**Work order**
The line with "Prediction platform Kalshi" marks where to begin; print it and all lines after it in the material below exactly, skipping pictures.

**Raw data**
· · ·

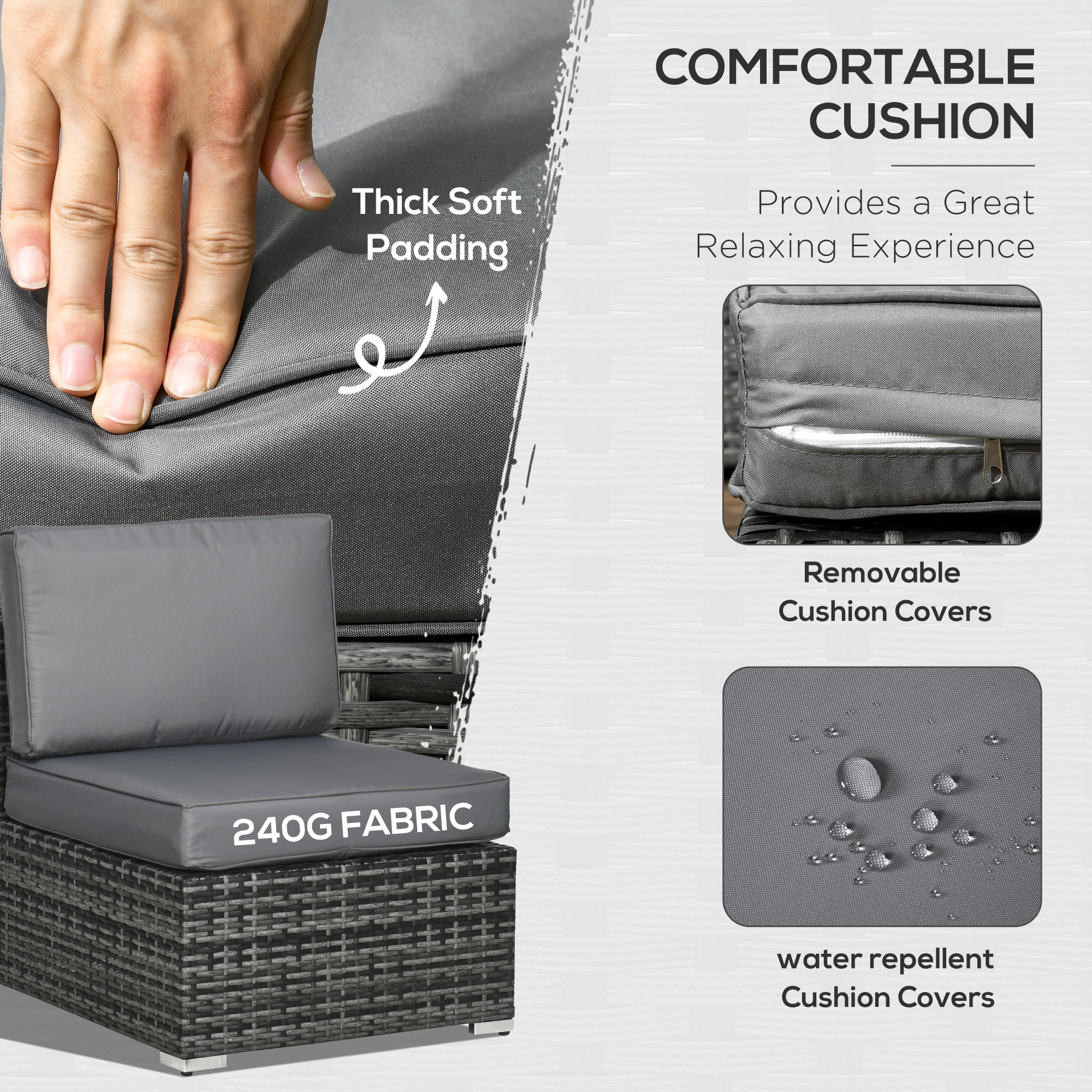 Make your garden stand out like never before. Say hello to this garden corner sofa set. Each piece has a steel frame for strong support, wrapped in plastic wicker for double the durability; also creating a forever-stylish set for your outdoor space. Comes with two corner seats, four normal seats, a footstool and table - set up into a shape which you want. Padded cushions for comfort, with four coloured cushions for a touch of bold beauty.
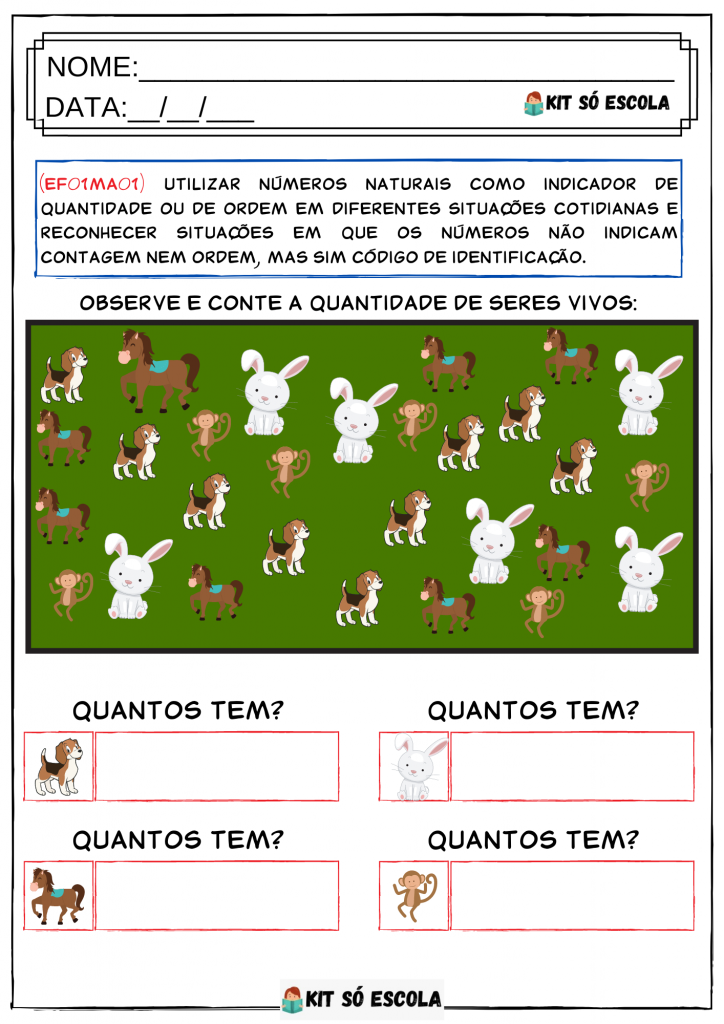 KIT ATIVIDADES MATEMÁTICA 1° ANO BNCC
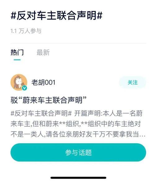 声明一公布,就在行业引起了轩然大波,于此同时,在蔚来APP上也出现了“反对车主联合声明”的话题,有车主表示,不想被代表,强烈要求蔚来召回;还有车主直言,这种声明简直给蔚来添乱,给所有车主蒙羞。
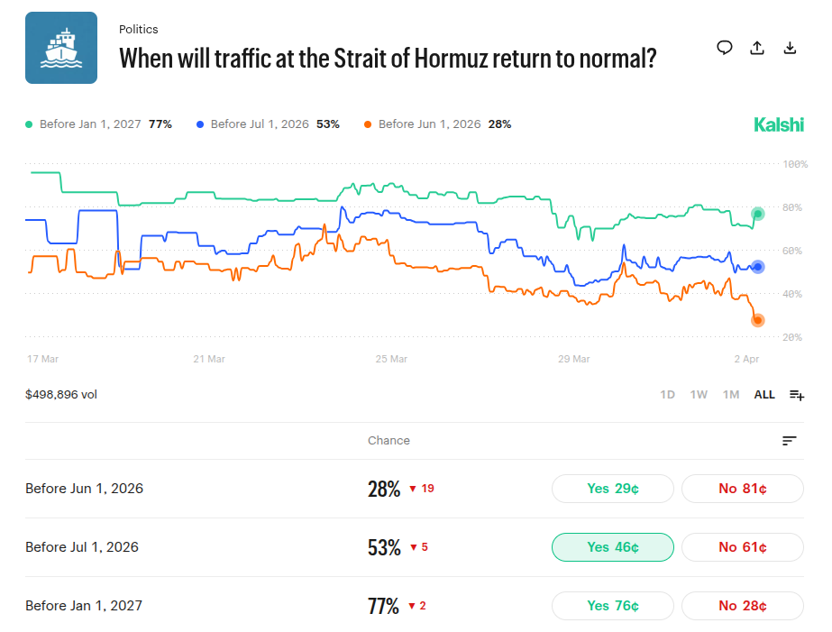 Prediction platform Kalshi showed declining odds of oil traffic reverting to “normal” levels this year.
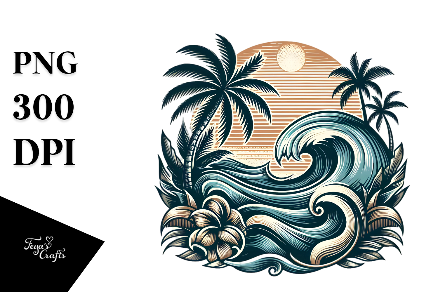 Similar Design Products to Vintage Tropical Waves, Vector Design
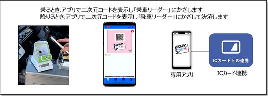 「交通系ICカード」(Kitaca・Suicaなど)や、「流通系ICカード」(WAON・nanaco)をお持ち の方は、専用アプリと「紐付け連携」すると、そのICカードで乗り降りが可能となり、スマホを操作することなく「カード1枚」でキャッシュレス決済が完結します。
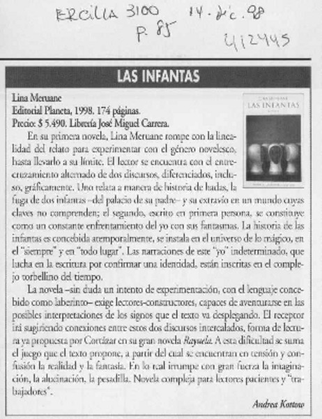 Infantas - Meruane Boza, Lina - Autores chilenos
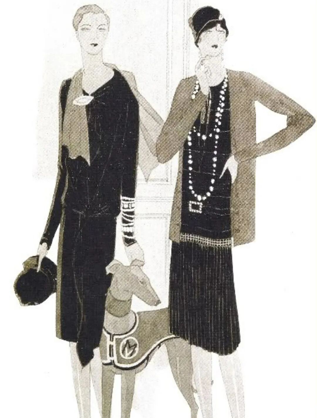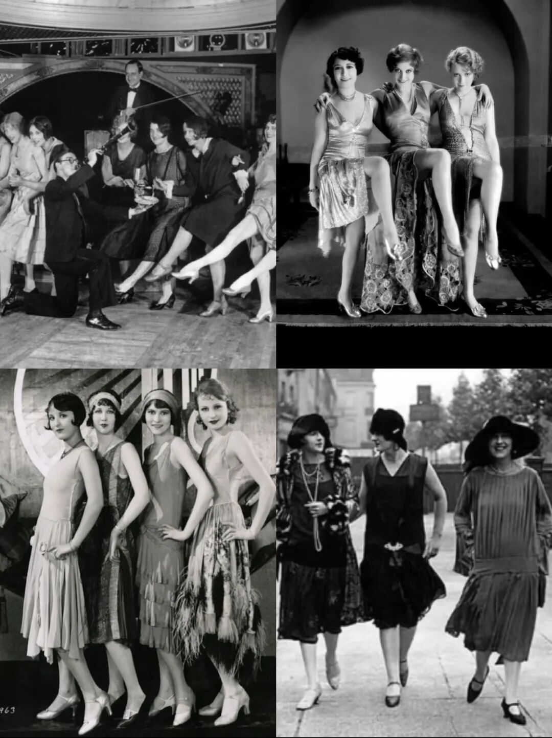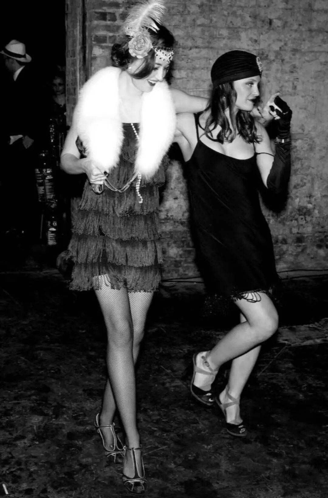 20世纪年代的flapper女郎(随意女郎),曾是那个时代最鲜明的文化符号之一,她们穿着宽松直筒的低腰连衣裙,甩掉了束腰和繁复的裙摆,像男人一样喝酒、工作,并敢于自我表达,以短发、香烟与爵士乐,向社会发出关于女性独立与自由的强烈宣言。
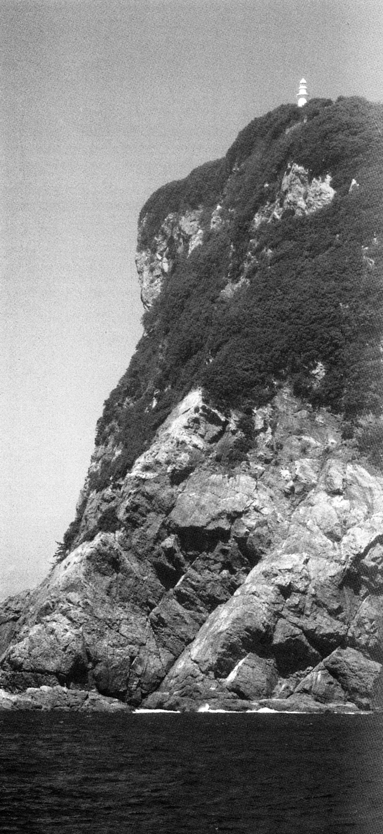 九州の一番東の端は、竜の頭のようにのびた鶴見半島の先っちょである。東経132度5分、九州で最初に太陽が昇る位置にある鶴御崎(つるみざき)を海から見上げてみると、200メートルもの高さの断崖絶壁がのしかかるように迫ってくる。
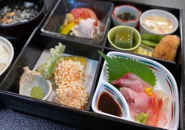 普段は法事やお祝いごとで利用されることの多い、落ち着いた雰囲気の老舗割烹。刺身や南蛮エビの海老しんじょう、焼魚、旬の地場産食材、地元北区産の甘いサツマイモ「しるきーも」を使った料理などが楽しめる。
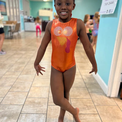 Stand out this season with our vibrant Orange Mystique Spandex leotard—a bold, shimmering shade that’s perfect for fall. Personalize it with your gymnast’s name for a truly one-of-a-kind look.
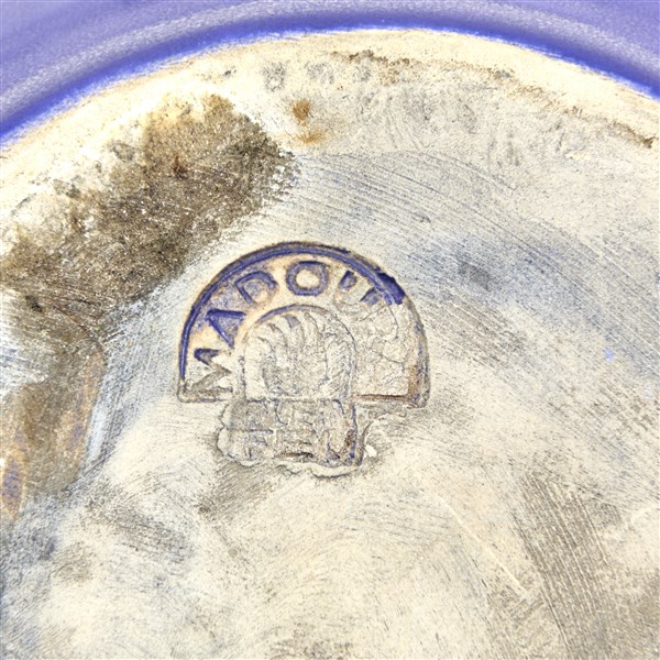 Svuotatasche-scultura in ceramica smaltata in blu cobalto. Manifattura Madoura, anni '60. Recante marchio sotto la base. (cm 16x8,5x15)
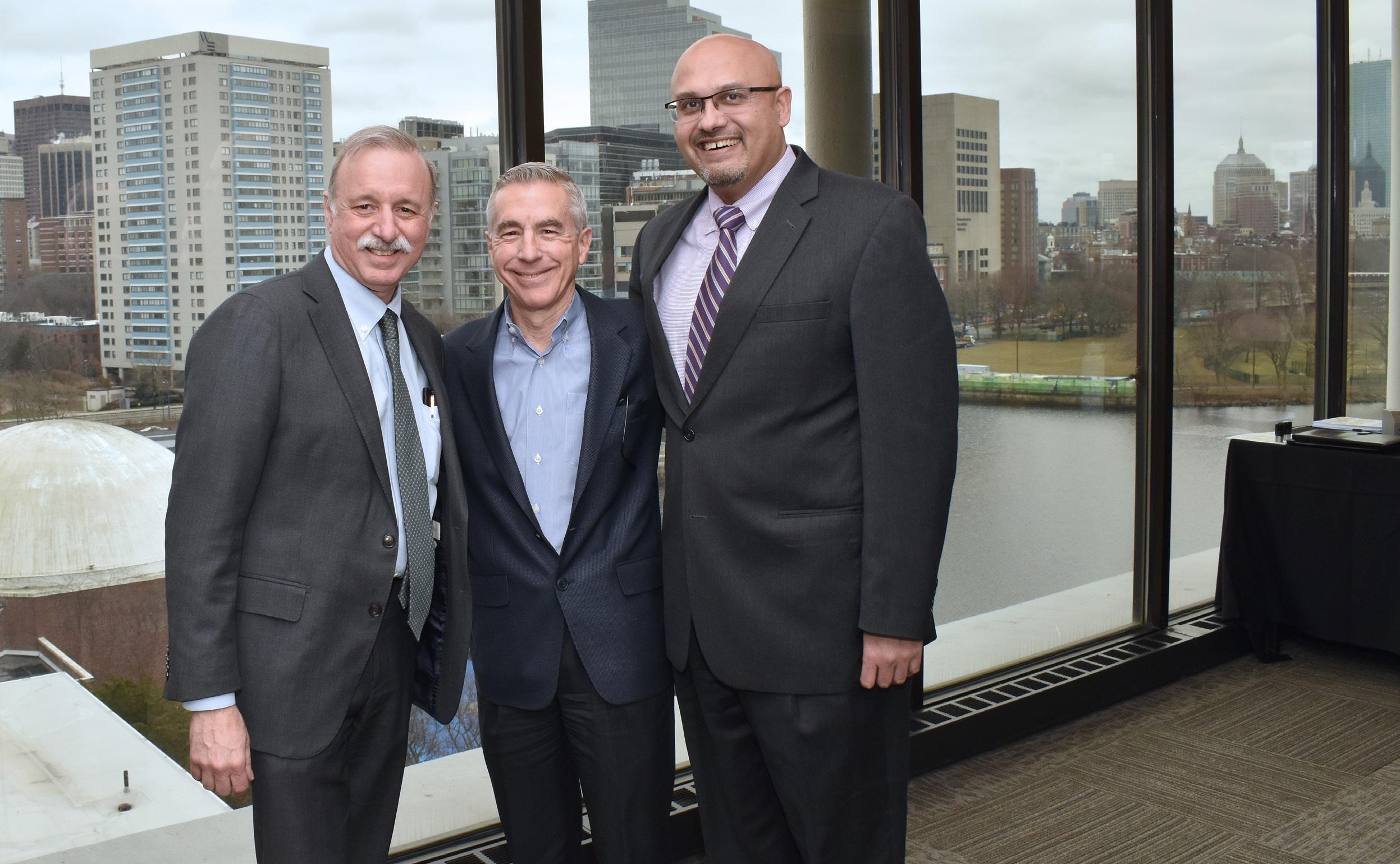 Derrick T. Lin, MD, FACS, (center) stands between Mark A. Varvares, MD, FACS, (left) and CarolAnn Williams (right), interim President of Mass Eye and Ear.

· · ·

**Finished exercise**
 Prediction platform Kalshi showed declining odds of oil traffic reverting to “normal” levels this year.
 Similar Design Products to Vintage Tropical Waves, Vector Design
 「交通系ICカード」(Kitaca・Suicaなど)や、「流通系ICカード」(WAON・nanaco)をお持ち の方は、専用アプリと「紐付け連携」すると、そのICカードで乗り降りが可能となり、スマホを操作することなく「カード1枚」でキャッシュレス決済が完結します。
 Infantas - Meruane Boza, Lina - Autores chilenos
 20世纪年代的flapper女郎(随意女郎),曾是那个时代最鲜明的文化符号之一,她们穿着宽松直筒的低腰连衣裙,甩掉了束腰和繁复的裙摆,像男人一样喝酒、工作,并敢于自我表达,以短发、香烟与爵士乐,向社会发出关于女性独立与自由的强烈宣言。
 九州の一番東の端は、竜の頭のようにのびた鶴見半島の先っちょである。東経132度5分、九州で最初に太陽が昇る位置にある鶴御崎(つるみざき)を海から見上げてみると、200メートルもの高さの断崖絶壁がのしかかるように迫ってくる。
 普段は法事やお祝いごとで利用されることの多い、落ち着いた雰囲気の老舗割烹。刺身や南蛮エビの海老しんじょう、焼魚、旬の地場産食材、地元北区産の甘いサツマイモ「しるきーも」を使った料理などが楽しめる。
 Stand out this season with our vibrant Orange Mystique Spandex leotard—a bold, shimmering shade that’s perfect for fall. Personalize it with your gymnast’s name for a truly one-of-a-kind look.
 Svuotatasche-scultura in ceramica smaltata in blu cobalto. Manifattura Madoura, anni '60. Recante marchio sotto la base. (cm 16x8,5x15)
 Derrick T. Lin, MD, FACS, (center) stands between Mark A. Varvares, MD, FACS, (left) and CarolAnn Williams (right), interim President of Mass Eye and Ear.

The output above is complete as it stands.